I'm still trying to get the RFM69HW to work with the Teensy 3.1.
I have the RFM69HW wired to the Teensy 3.1 as follows.
RFM69HW......Teensy
NSS..........D8
SCK..........D13
MISO.........D12
MOSI.........D11
D0...........D0
GND..........GND..........GND
3.3V......................Regulated 3.3v Supply
ANT.......................Antenna
I downloaded the driver from GitHub, Low Power Labs,
https://github.com/LowPowerLab/RFM69
I tested the Node & Gateway example using Moteino's, R4 and verified they work.
I commented out the line,
SPI.setDataMode(SPI_MODE0);
in the library file RFM69.cpp (this line would cause the Teensy 3.1 to hang, Mode 0 is the default anyways)
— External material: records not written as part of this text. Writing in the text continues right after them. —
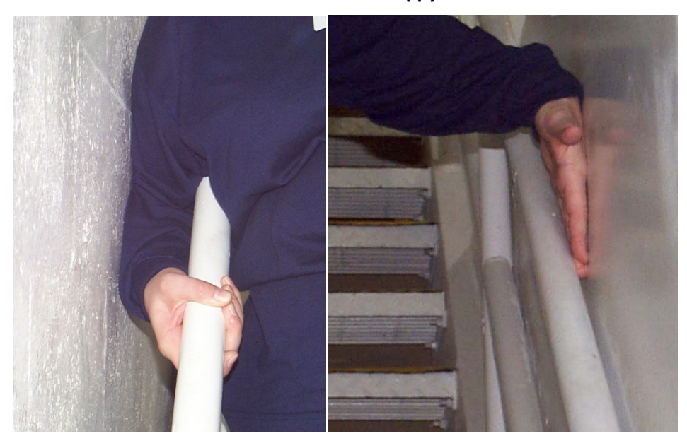
Ignorant or Careless Design or Construction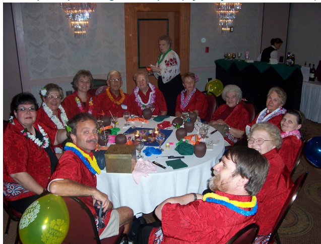
Preparing for LUC Convention in October (photo: 2004 Conv.)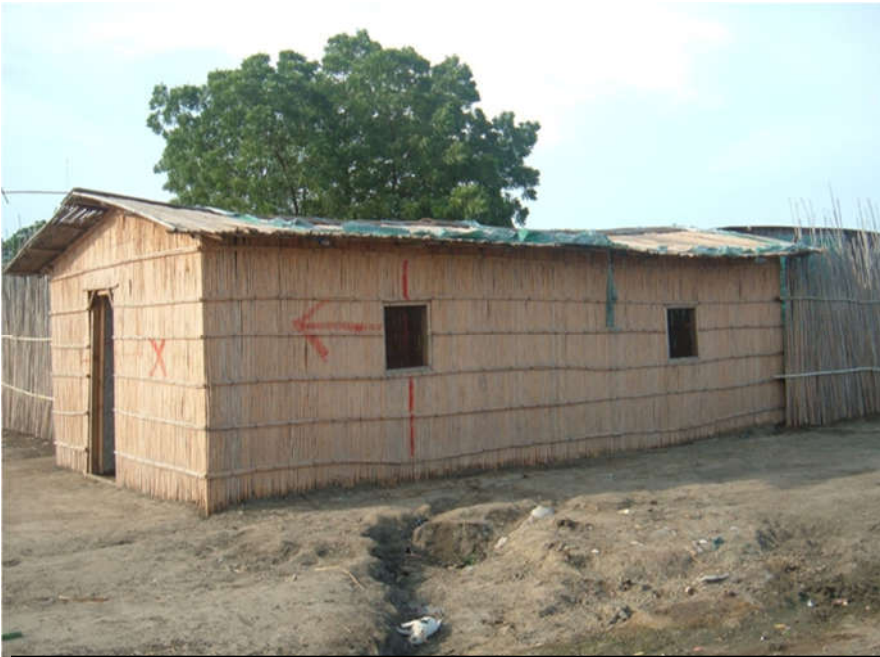
Figure 5. 1 st SRC church planted in Malakal, 2008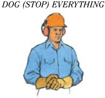
Clasp hands in front of body.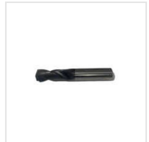
Milling Cutter Holder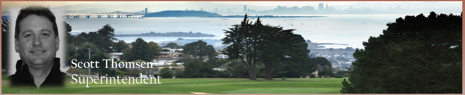
Scott Thomsen Superintendent

There are many different grasses found on golf courses around the world. Usually the grass type found on golf courses is grown because that specific grass is best suited for that climate. Hawaii, Arizona and the southern half of the US is where warm season grasses such as Bermuda grow best. In the cooler climates such as coastal and northern regions, cool season grasses such as Rye, Fescue and Bentgrasses are grown. The one grass that grows in all regions and is found all over the world is the ever hated Poa plant. Poa has even been found on Antarctica. Poa is a cool season annual grass. Its common name is Annual Bluegrass but it was coined "Poa" by golf television commentators, who shortened its full botanical name from Poa annua . It is an annual plant meaning that it puts out seed, dies and then germinates on a yearly basis. This is the reason it is such a hated grass. Most plants and grasses grow best during the warmer months, when root growth is most prevalent. During the winter months plants' and grasses' roots shorten and they either go into dormancy or growth is slowed dramatically. Poa is the exact opposite. It grows best during the winter months and thrives in wet conditions. During the spring as it gets warmer, Poa goes to seed and its roots shorten to almost nothing.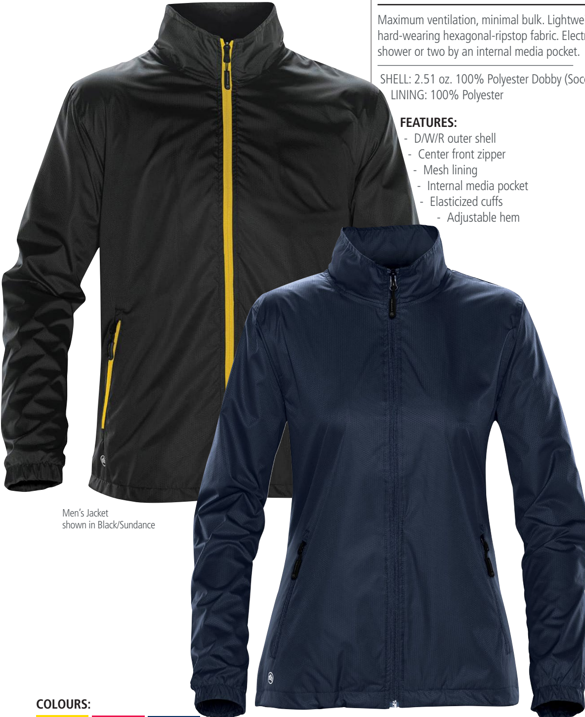
Men's Jacket shown in Black/Sundance

I removed the SPI Flash from the example, and added conditional compile (#if defined) so that the Teensy 3.1 uses CS pin 8, and Interrupt pin 0 and the Moteino uses the default (CS pin 10, interrupt pin 2).
I tested the modified project with the Moteinos and verified that it still works.
I tested using the Teensy 3.1 with the gateway sketch, and a Moteino using the node sketch. The Teensy initializes without error, but never receives any transmissions. If i type 't', it will report the RFM temperature.
Below is a picture of the Teensy connected to the RFM69HW.
Here is the modified version of the Node example
Code:
// Sample RFM69 sender/node sketch, with ACK and optional encryption
// Sends periodic messages of increasing length to gateway (id=1)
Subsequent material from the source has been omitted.